¿Qué pasa con la nube de la última pantalla del Braid?

(Este artículo NO contiene spoilers. En ningún momento desvelo nada de la trama. Pese a que se hable de la pantalla final y se incluya una imagen, no desvela nada. Es más, esta captura fue mandada a la prensa cuando se mostraba el juego antes de salir a la venta).

¿Qué es Braid?
Es un juego indie creado por Jonathan Blow. Se estrenó como exclusiva de Xbox Live en el año 2008, catapultando el panorama del videojuego independiente a primera página de actualidad. Despertó el interés de toda la gente por estos juegos menores creados por una sóla persona o un equipo reducido de gente que desarrolla por su cuenta, sin ataduras a ninguna empresa. Es, por tanto, una pieza clave en la historia del videojuego, un punto de inflexión sin el que no se entendería la industria actual tal y como la conocemos.

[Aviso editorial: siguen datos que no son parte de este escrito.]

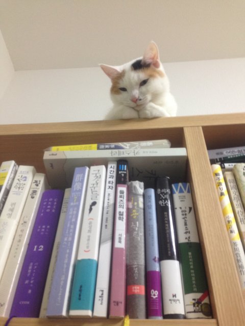 오늘도 책장 위를 차지한 퐁타

Braid es un juego de plataformas/puzle en 2D con un apartado artístico soberbio y muy personal. Su mecánica de juego es variada, sorprendente y muy original, con un diseño de niveles inteligente, trabajados de forma creativa y encajados a la perfección, como los mismos puzles cuyas piezas buscamos en el juego. La historia, a su vez, está contada magistralmente, ocultando un gran mensaje tras un estilo de narrativa único y maravilloso. Jugando con el tiempo, el espacio, las interpretaciones, los sentidos,... Braid te hace pensar en los puzles, pero aún más en su fondo.

El juego de Jonathan Blow no sólo se entiende como una obra maestra del videojuego, y no tan sólo ostenta el mérito comentado sobre el boom de la escena indie en occidente. Braid, como los clásicos literarios, debería ser materia obligatoria en las escuelas. Todo el mundo, le gusten los videojuegos o no, debería tener que jugarlo al menos una vez en su vida, como nos piden que leamos el Quijote o conozcamos las obras cumbre de las distintas artes. Y, si te parece esta afirmación atrevida o ilusa, es que todavía no has entendido que este medio es tan válido como cualquier otro para transmitir o expresarse.

Más que fascinante: una obsesión
Braid es para mí fascinación y obsesión. Mientras lo jugaba, no existió nada más en el mundo (ni siquiera yo), sólo Tim y su princesa. Empecé a ver la vida real a través de las leyes del juego, soñaba con él y pensaba en él a todas horas. El único objetivo de cualquier cosa que no fuera jugar a Braid, era terminarla cuanto antes para poder volver a la consola. Si hablaba con alguien, Braid era el tema de conversación. Braid, Braid, Braid. Nada más.

No era por adicción, porque a veces nos ocurren estos efectos porque estamos tremendamente viciados a algo. No, no era por eso. Braid era un embrujo, estaba deslumbrada por toda su genialidad y maestría, por cada detalle y cada secreto que había salido de la cabecita de un sólo hombre. Quería conocer cada milímetro, cada información. Quería saberlo todo de Braid, quería experimentarlo entero. Por la descripción, casi podría afirmar que estaba enamorada de este juego, ¿no? Supongo que sí. En realidad, aún lo estoy. No es mi juego favorito, pero lo amo en cada detalle y me parece algo, simplemente, superior.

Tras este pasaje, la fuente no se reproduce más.